IDENTITY AND LABELS

“So are you an atheist or not?” , some one asked. They sounded exasperated and troubled. As to what occasioned the question – my enthusiasm for the Diwali Pooja and the associated rituals. I have always held myself to be an atheist. I have been open about it –announcing it to friends and family. I love reading the works of the ‘four horsemen’ – Dawkins , Bennett , Harris and Hitchens. I have had vigorous debates on the existence of God with believers. So I guess I can understand why the juxtaposition of my enthusiasm for certain rituals and my avowed atheism can be puzzling and troubling- to the extent of allegations (valid ones) of hypocrisy and ‘drama’. “Were you lying then or are you lying now?”  That is a question that I guess I have to answer –to myself at least. And this started a series of reflections.

Specifically in regards for my enthusiasm for the Diwali rituals – I suppose there is a more mundane explanation. I missed my mother this Diwali. She wasn’t able to join us. I guess I was trying to recapture some of the essence of her presence last time. More importantly , these rituals remind me of my childhood and how Diwali was celebrated back home. When I was younger (than I am now) , I didn’t particularly care about these things. But now ,somehow I want to hold on to some memories and I suppose this is my way of recreating them.

But I think that still does not answer the larger questions- why would I not reject these rituals in light of my atheism? Is the above explanation enough? Am I an atheist then or just a convenient one? What is my stand on religion and God? What does this say about how I identify myself as?

I have always been obsessed with religion and God. I have been born into an orthodox ,religious family. I count temple priests among my ancestors. Religion has been and is a way of life for my family. In my childhood and teenage years I have always see sawed between being an atheist and being a believer. I think it was in my late teens that I finally settled on being an atheist. And I suppose I continue to be one. So what does that mean to me? It means I do not believe in the existence of an all powerful deity or deities. I do not believe that a being is watching over us. I do not believe we will be punished or rewarded for deeds bad or good – either here or in another imaginary world. I see many logical fallacies in the argument for God. My brand of atheism is not that of the disappointed child who blames an absent father – meaning I do not think that a God exists but is indifferent to us. My brand of atheism is not one of the ‘weaker’ versions. I do  not think ‘some power’ or ‘something’ exists. The universe is indifferent to our existence and there is nobody watching over us. I firmly am of the opinion that religion , in general has caused a lot of harm and religious zeal is amongst the worst impulses in the world.

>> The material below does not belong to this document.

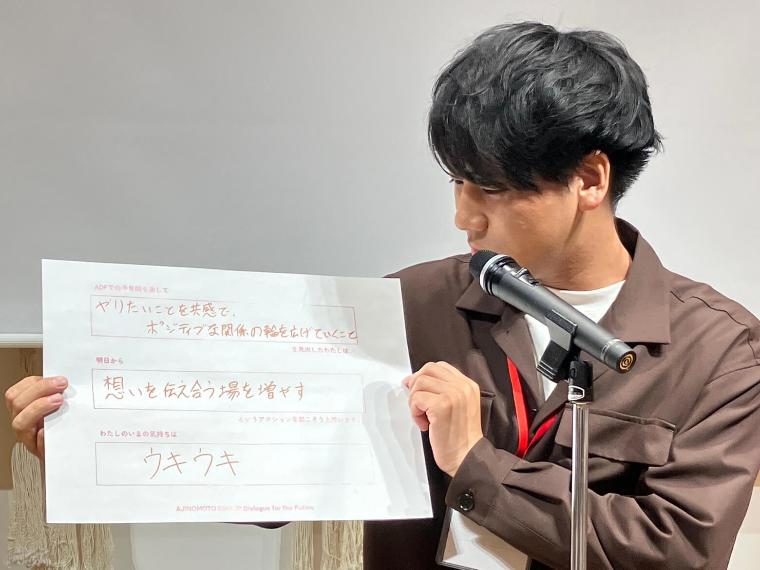 3つ目は、プライベートも含めて、これまで以上に多くの方とのつながりをつくること。私はもともと人とコミュニケーションをとるのは好きなのですが、ADFを通じて改めて、さまざまな価値観の人との出会いが自身の成長につながると実感しました。社内でのつながりを広げるだけでなく、社外にも目を向けて、人とのつながりの輪をつくっていけたらいいなと考えています。
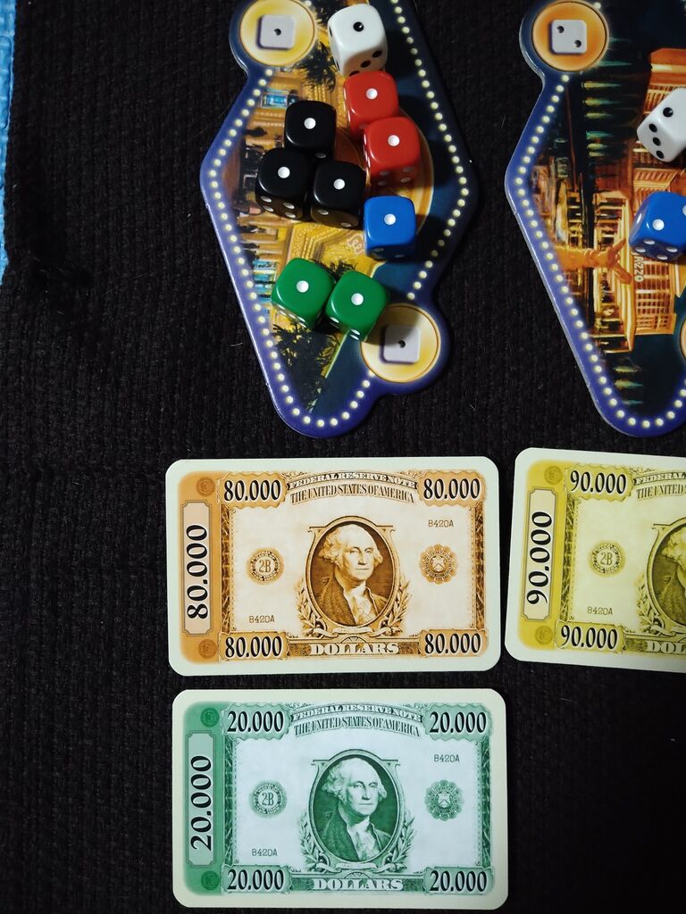 全てのボードの賞金の分配が終わったら、サイコロを戻し、獲得できなかったお金カードを捨てて、並びなおし、1番最初にサイコロを投げる人を交代して、次のターンを始めます。このように4ターン遊んだ後で、1番多くのお金を持っている人が勝ちです。

Having said all of this , I also continue to be fascinated by religion- by religions of all kinds. Religion is a human creation and not a divine one. To marvel at it , is to marvel at human creativity. It is to marvel at what the human mind is capable of thinking up. True there is some really demented ,screwed up stuff but there is also lot that is beautiful ,touching and moving. Religious feeling and awe has been the inspiration for some of the greatest works of art, some of the most beautiful poetry and songs. Some of the most moving impulses have their roots in religious awe. To date , my most moving ,calming experience has been a call to prayer by a muezzin in a mosque in Istanbul. It was dusk. The sun was setting. The sky was a dark shade of orangish-red. May be it was the atmosphere. May be it was the place. But that call to prayer was one of the sweetest , most moving things I have ever heard. And I couldn’t help thinking to myself – even God would respond to that. Would one call it a religious experience? The earnestness in the voice , its sweetness were inspired by faith and by religious awe. I may have neither of these , but should that stop me from partaking in the beauty of this and appreciating the impulse that was it’s source? Similarly I appreciate certain rituals and traditions- for what they mean and what they meant to the people creating them. As long as I am mindful of the reasons why I am partaking in them , does that make me any less of an atheist? Some of the nicest people I know are religious I respect their faith ,while I do not share in it. My mother is religious and I don’t mind doing stuff for her , if that makes her happy , as long as she understand my position as well.

Religious awe can create both timeless beauty and mindless zeal. We need to be perhaps mindful that both of these have a human and not divine provenance. I like what some religious traditions have to say about the world , about how they see God . I would love to study them. I would like to know more. I don’t think that makes a person of faith.

I will continue to marvel at , be fascinated with and understand religion more. I will continue to partake in the beauty of the religious impulse . Ultimately , appreciating religion and its related impulses is appreciating humanity- for both the beauty it can create and the ugliness it can engender. And I will not bother about narrow labels.

 

2 thoughts on “IDENTITY AND LABELS

  1. Been waiting for your writings from long time, and this type of short write-ups will not be sufficient… waiting for more Boss..your kind of punches are missing.